- Given material
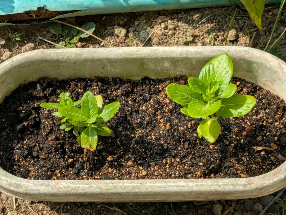 2️⃣一方こちらはこぼれ種からのニチニチソウ
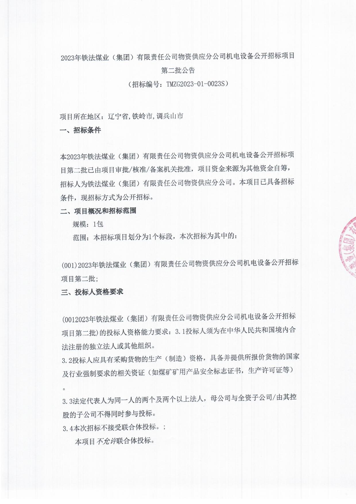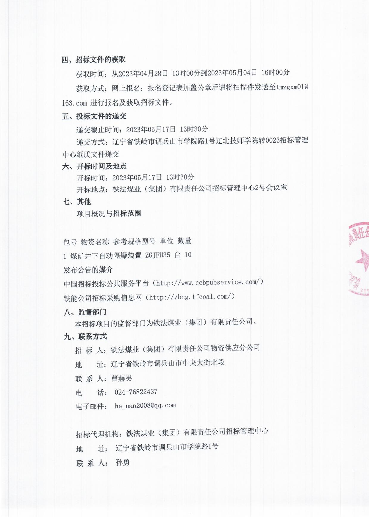 2023年5月17日机电设备公开招标公告
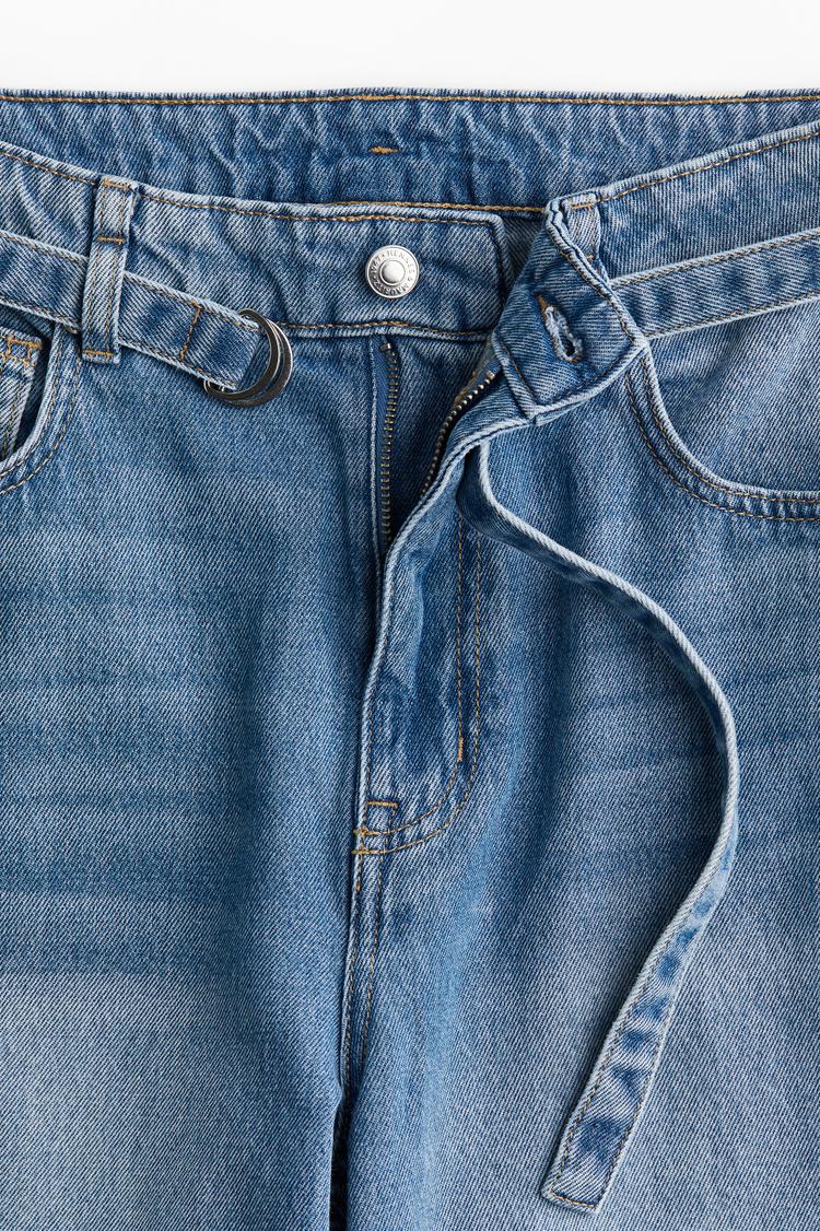 Effortless denim redefined for the modern wardrobe. This wide-leg, high-rise jean from H&M pairs a slim waist with a fluid leg for movement that flatters every stride. Crafted in cotton denim with a classic mid-wash, it features a narrow belt with metal D-rings and a zip fly with button for a clean, polished line. The five-pocket silhouette keeps it practical, while the belted waistband adds a refined detail you can dress up with a blazer or keep casual with a tee. From office days to weekend errands, this versatile staple moves with you.

- Work item
Output nothing but the lines from the line with "2023年5月17日机电设备公开招标公告" through the last line of the material above, please, word for word and without the pictures.

- Task result
 2023年5月17日机电设备公开招标公告
 Effortless denim redefined for the modern wardrobe. This wide-leg, high-rise jean from H&M pairs a slim waist with a fluid leg for movement that flatters every stride. Crafted in cotton denim with a classic mid-wash, it features a narrow belt with metal D-rings and a zip fly with button for a clean, polished line. The five-pocket silhouette keeps it practical, while the belted waistband adds a refined detail you can dress up with a blazer or keep casual with a tee. From office days to weekend errands, this versatile staple moves with you.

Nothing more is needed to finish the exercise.